* What you should do
Repeat every line of the listing below exactly, minus the pictures.

* Materials provided

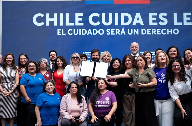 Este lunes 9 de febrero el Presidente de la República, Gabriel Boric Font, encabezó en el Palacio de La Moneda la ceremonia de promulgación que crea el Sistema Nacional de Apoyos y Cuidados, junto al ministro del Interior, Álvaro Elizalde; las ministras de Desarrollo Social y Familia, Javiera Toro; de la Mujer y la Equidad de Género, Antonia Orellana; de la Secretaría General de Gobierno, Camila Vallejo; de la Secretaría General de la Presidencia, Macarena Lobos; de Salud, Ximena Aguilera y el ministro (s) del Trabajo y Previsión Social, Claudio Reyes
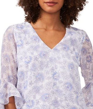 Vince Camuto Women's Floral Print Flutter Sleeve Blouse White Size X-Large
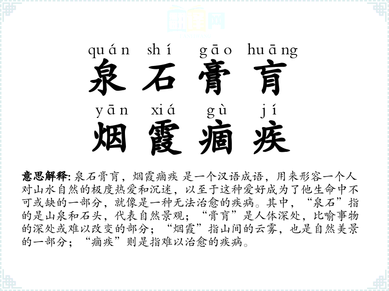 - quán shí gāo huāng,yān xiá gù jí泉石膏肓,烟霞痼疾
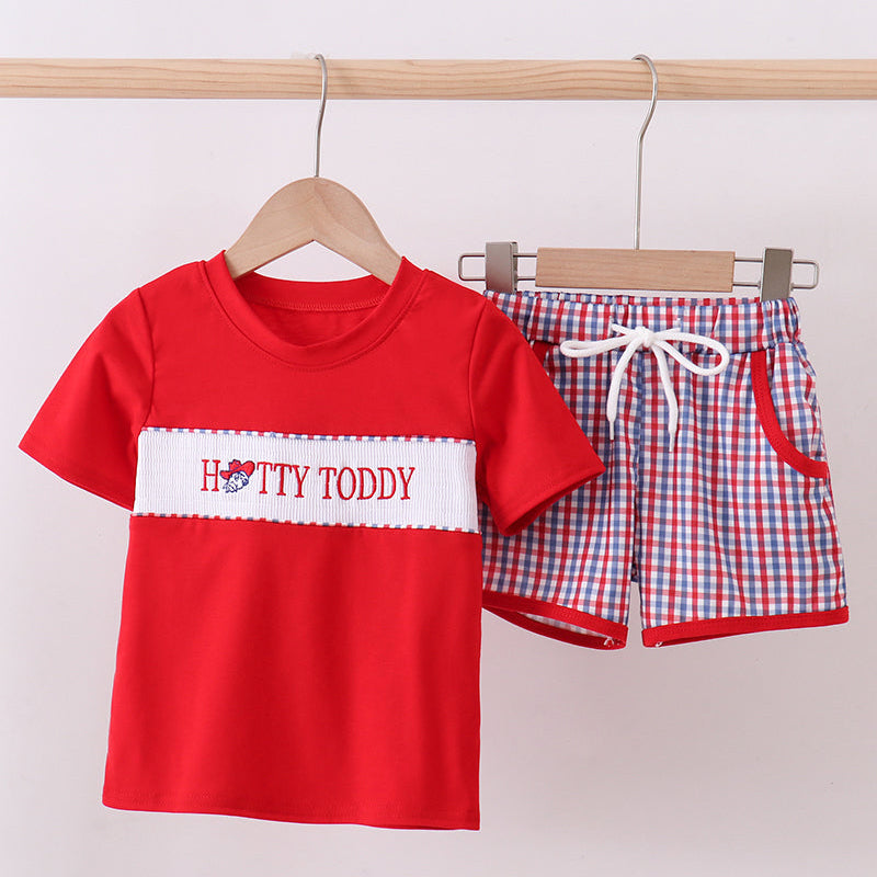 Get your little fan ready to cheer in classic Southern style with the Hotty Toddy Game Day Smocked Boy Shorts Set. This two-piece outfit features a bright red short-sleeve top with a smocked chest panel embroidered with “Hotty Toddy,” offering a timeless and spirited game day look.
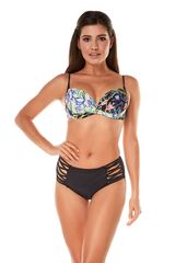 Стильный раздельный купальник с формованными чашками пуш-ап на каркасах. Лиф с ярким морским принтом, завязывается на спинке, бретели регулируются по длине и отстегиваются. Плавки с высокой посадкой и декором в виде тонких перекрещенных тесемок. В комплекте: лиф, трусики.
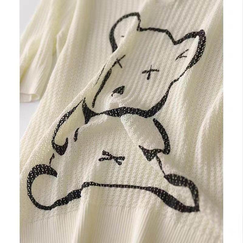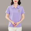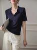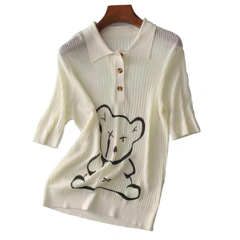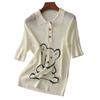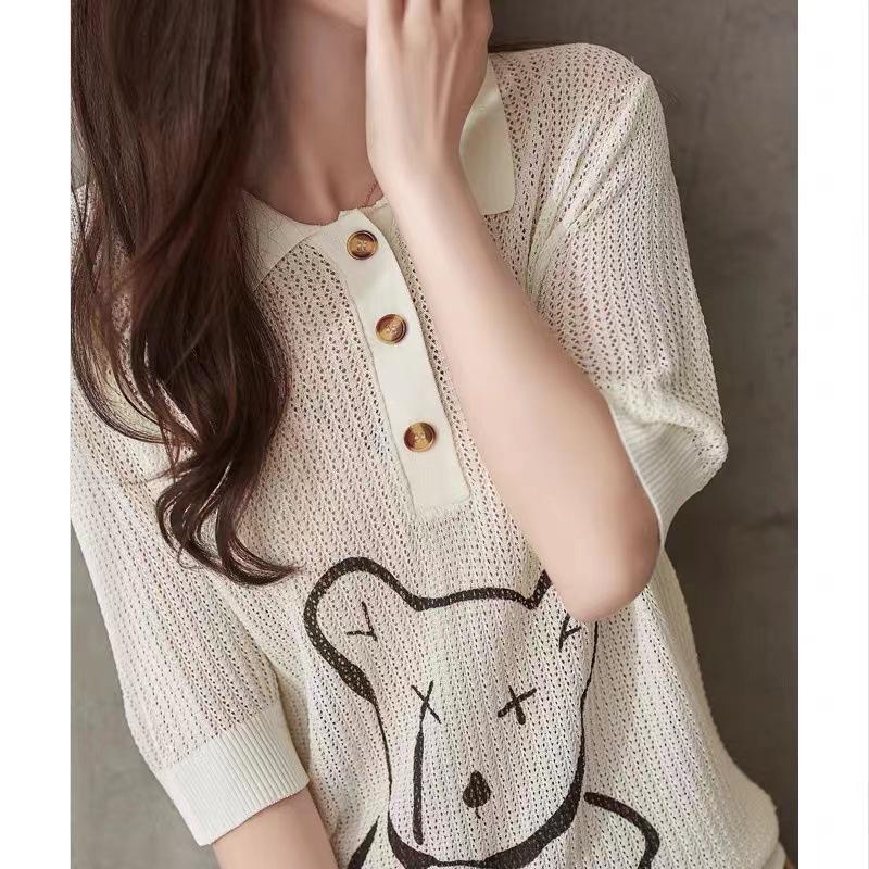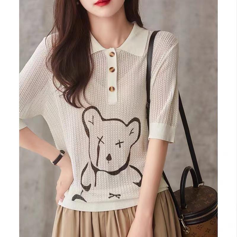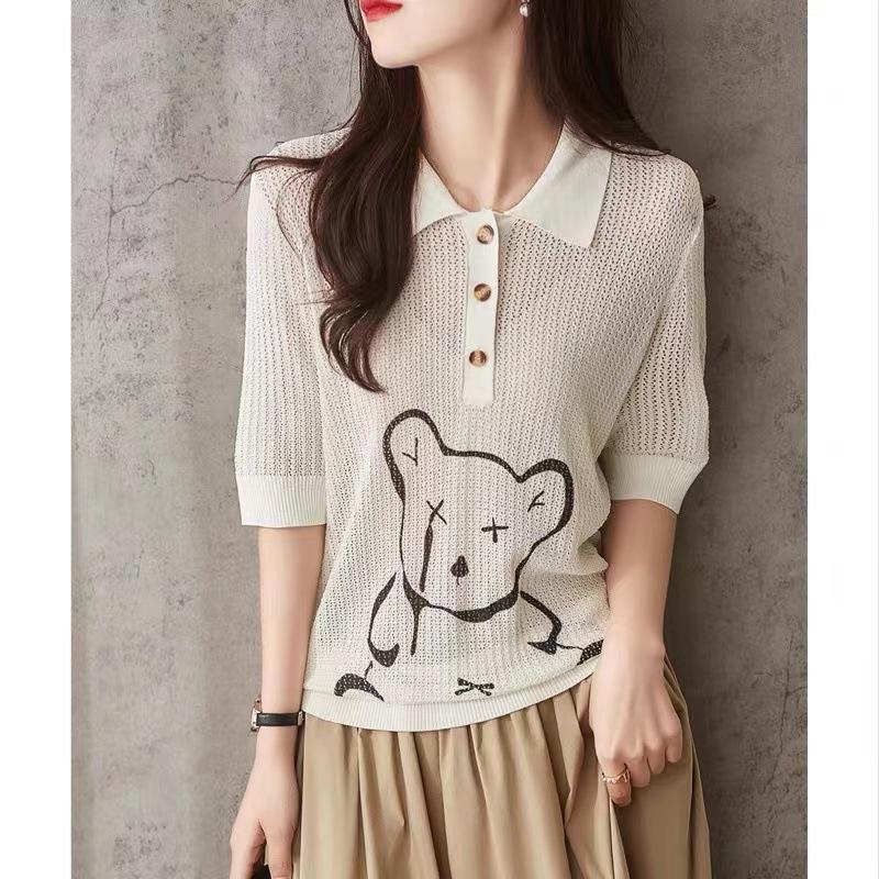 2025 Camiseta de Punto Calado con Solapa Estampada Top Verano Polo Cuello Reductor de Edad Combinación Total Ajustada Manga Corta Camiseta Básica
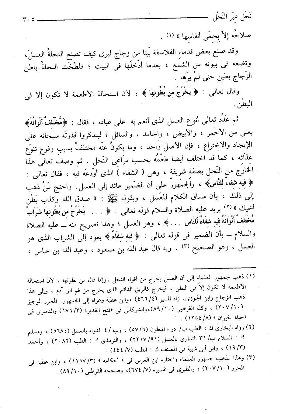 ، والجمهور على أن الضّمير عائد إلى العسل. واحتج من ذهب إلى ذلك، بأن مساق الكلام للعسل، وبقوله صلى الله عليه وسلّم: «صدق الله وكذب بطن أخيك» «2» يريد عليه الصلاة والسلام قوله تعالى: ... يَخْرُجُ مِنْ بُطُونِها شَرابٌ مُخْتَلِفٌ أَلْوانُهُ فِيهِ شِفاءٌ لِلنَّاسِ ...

* Your response
 Este lunes 9 de febrero el Presidente de la República, Gabriel Boric Font, encabezó en el Palacio de La Moneda la ceremonia de promulgación que crea el Sistema Nacional de Apoyos y Cuidados, junto al ministro del Interior, Álvaro Elizalde; las ministras de Desarrollo Social y Familia, Javiera Toro; de la Mujer y la Equidad de Género, Antonia Orellana; de la Secretaría General de Gobierno, Camila Vallejo; de la Secretaría General de la Presidencia, Macarena Lobos; de Salud, Ximena Aguilera y el ministro (s) del Trabajo y Previsión Social, Claudio Reyes
 Vince Camuto Women's Floral Print Flutter Sleeve Blouse White Size X-Large
 - quán shí gāo huāng,yān xiá gù jí泉石膏肓,烟霞痼疾
 Get your little fan ready to cheer in classic Southern style with the Hotty Toddy Game Day Smocked Boy Shorts Set. This two-piece outfit features a bright red short-sleeve top with a smocked chest panel embroidered with “Hotty Toddy,” offering a timeless and spirited game day look.
 Стильный раздельный купальник с формованными чашками пуш-ап на каркасах. Лиф с ярким морским принтом, завязывается на спинке, бретели регулируются по длине и отстегиваются. Плавки с высокой посадкой и декором в виде тонких перекрещенных тесемок. В комплекте: лиф, трусики.
 2025 Camiseta de Punto Calado con Solapa Estampada Top Verano Polo Cuello Reductor de Edad Combinación Total Ajustada Manga Corta Camiseta Básica
 ، والجمهور على أن الضّمير عائد إلى العسل. واحتج من ذهب إلى ذلك، بأن مساق الكلام للعسل، وبقوله صلى الله عليه وسلّم: «صدق الله وكذب بطن أخيك» «2» يريد عليه الصلاة والسلام قوله تعالى: ... يَخْرُجُ مِنْ بُطُونِها شَرابٌ مُخْتَلِفٌ أَلْوانُهُ فِيهِ شِفاءٌ لِلنَّاسِ ...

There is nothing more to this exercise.